ZF’s borrowings are pretty esoteric too. It has regular bonds but it’s also a prolific user of Schuldschein finance, a form of debt — not quite a loan and not quite a bond — that’s popular with Germany’s “Mittelstand” of small- and medium-sized companies.
Lately this financing model has spread beyond German-speaking countries, with borrowers attracted by the limited disclosure requirements.
Schuldschein debt can cause complications, though, if a company gets into difficulty. The permission of each borrower (rather than a simple majority) is required to restructure the debt.

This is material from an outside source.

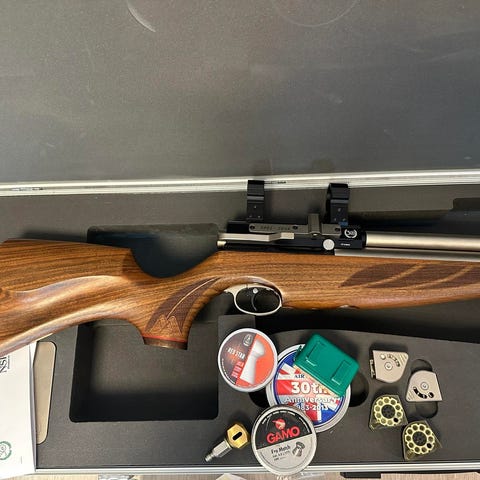Har blitt brukt mye men den er blitt fint behandlet, renset etter hver skyting og har blitt testet ofte i benk.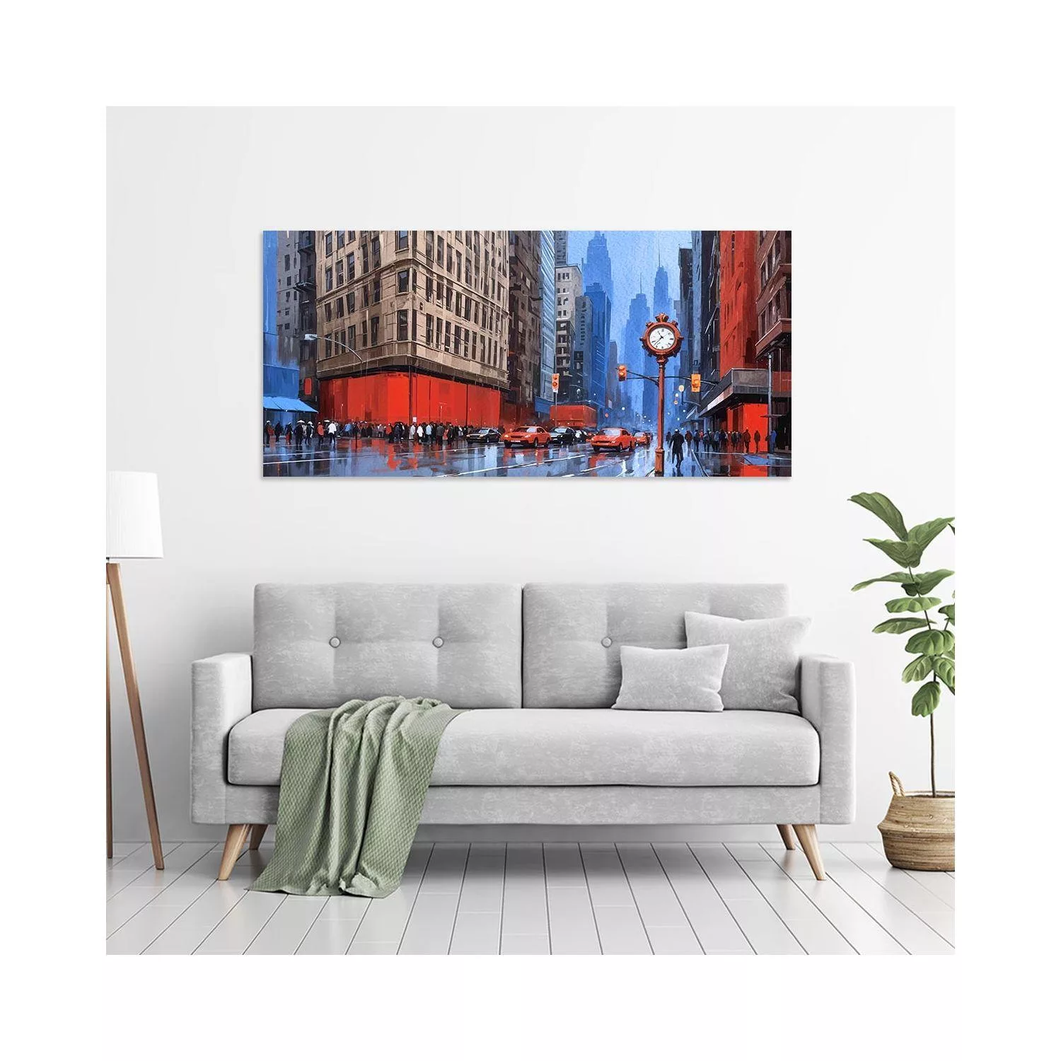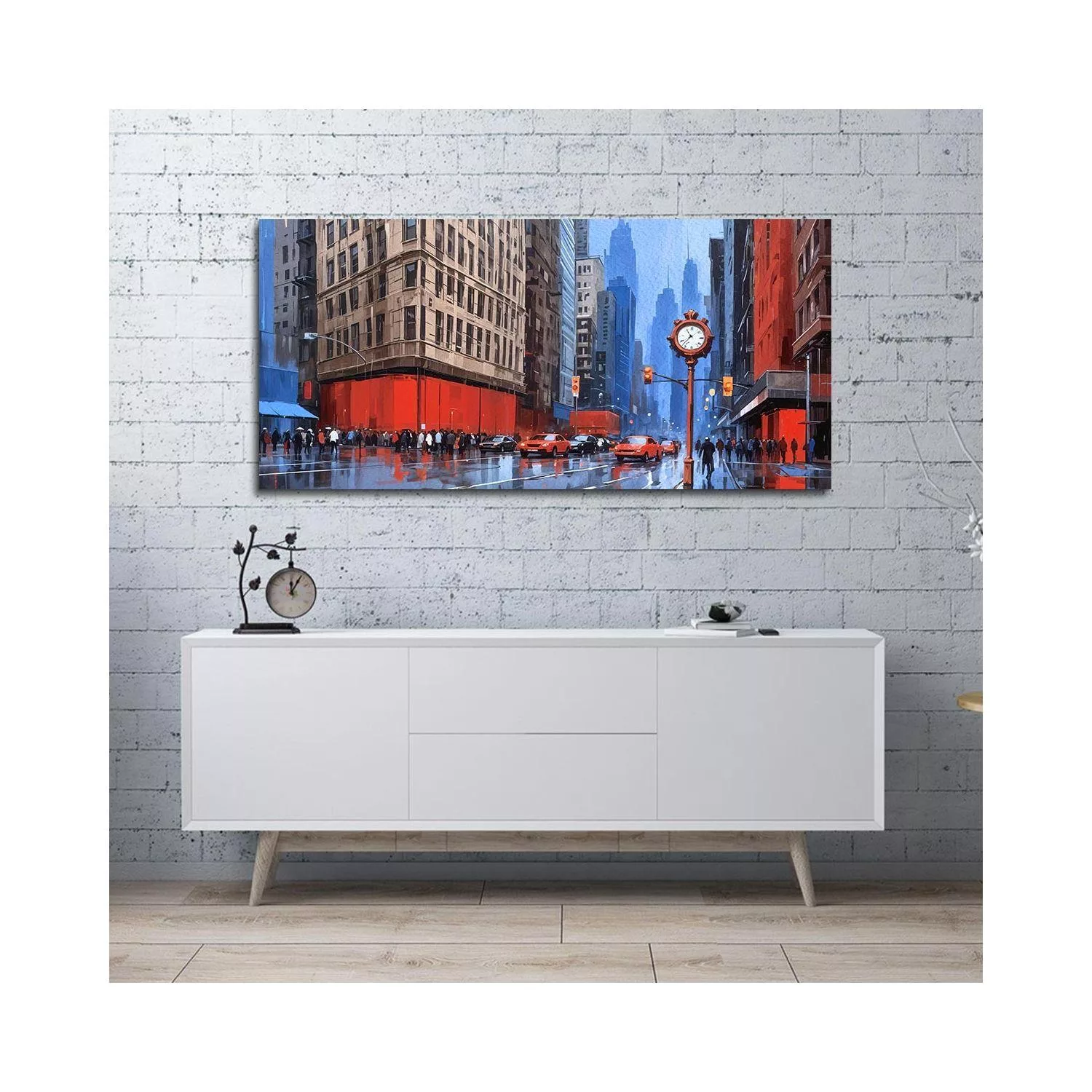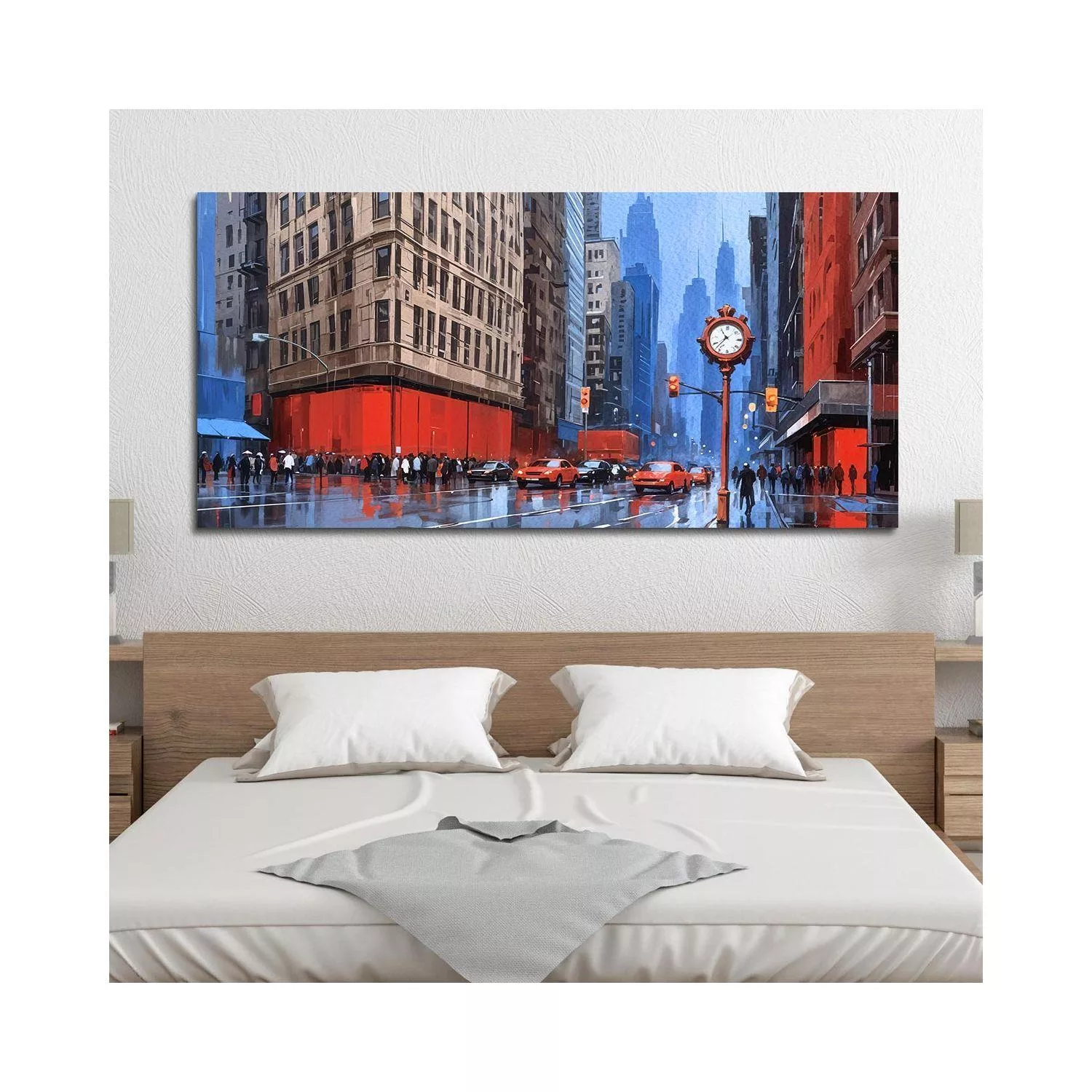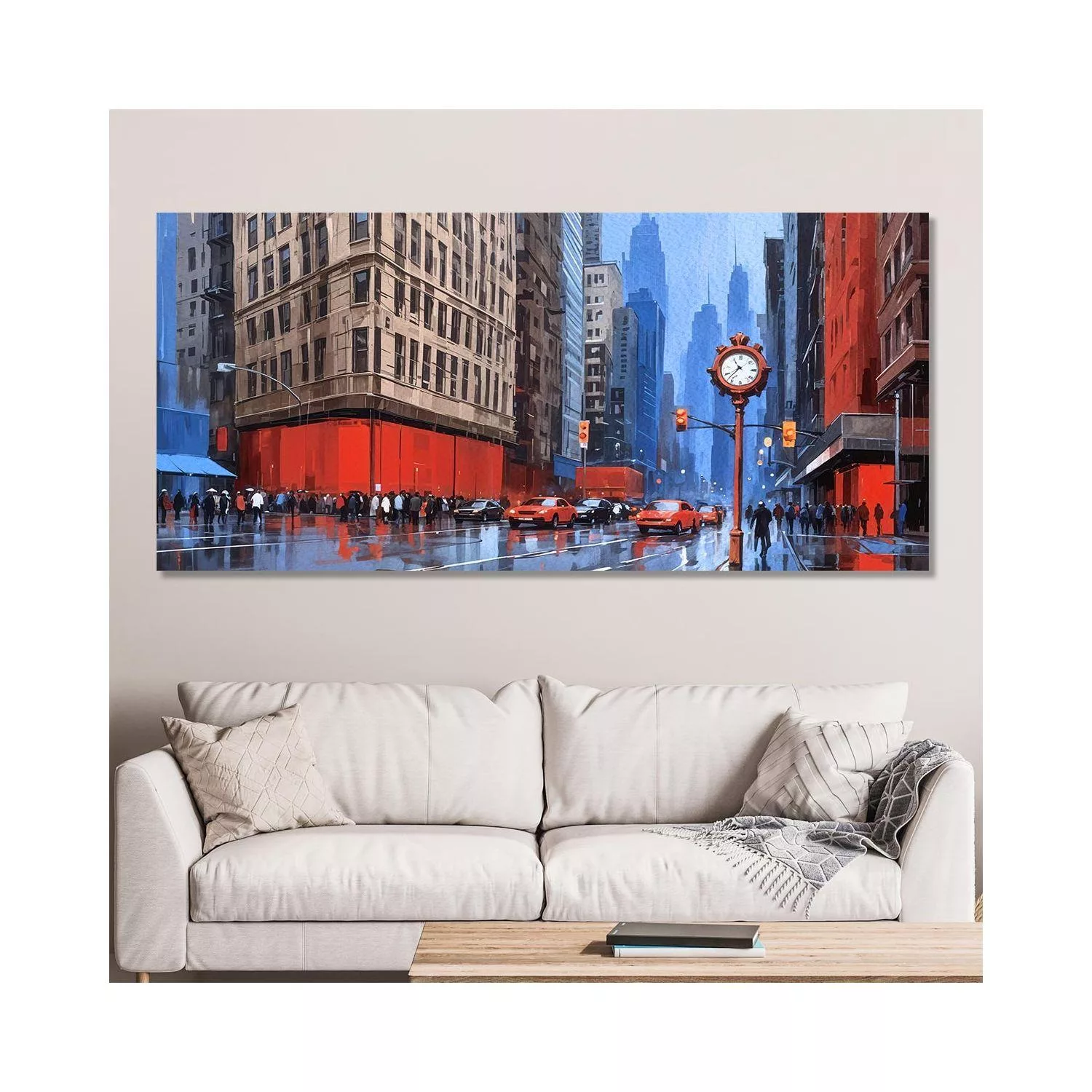 Canvas print City in blue and red, panoramic

No wonder ZF is so keen to keep its creditors at arm’s length. Last month it amended a key lending agreement, which will allow its net borrowings to widen to as much as 5.5 times Ebitda (a measure of cash earnings) in the next 12 months.
The company is not in any immediate danger because it has about 10 billion euros of cash, cash equivalents and credit facilities, and there are no major borrowings that need refinancing soon. Still, its leverage is heading higher than its owners and lenders would like.
JPMorgan Chase & Co. advised ZF on its Wabco takeover and helped furnish it with a larger overdraft facility.
A decade ago, JPMorgan advised Continental on how to defend itself against Schaeffler’s approach. It knows all about the pitfalls of doing a big deal at the top of the market.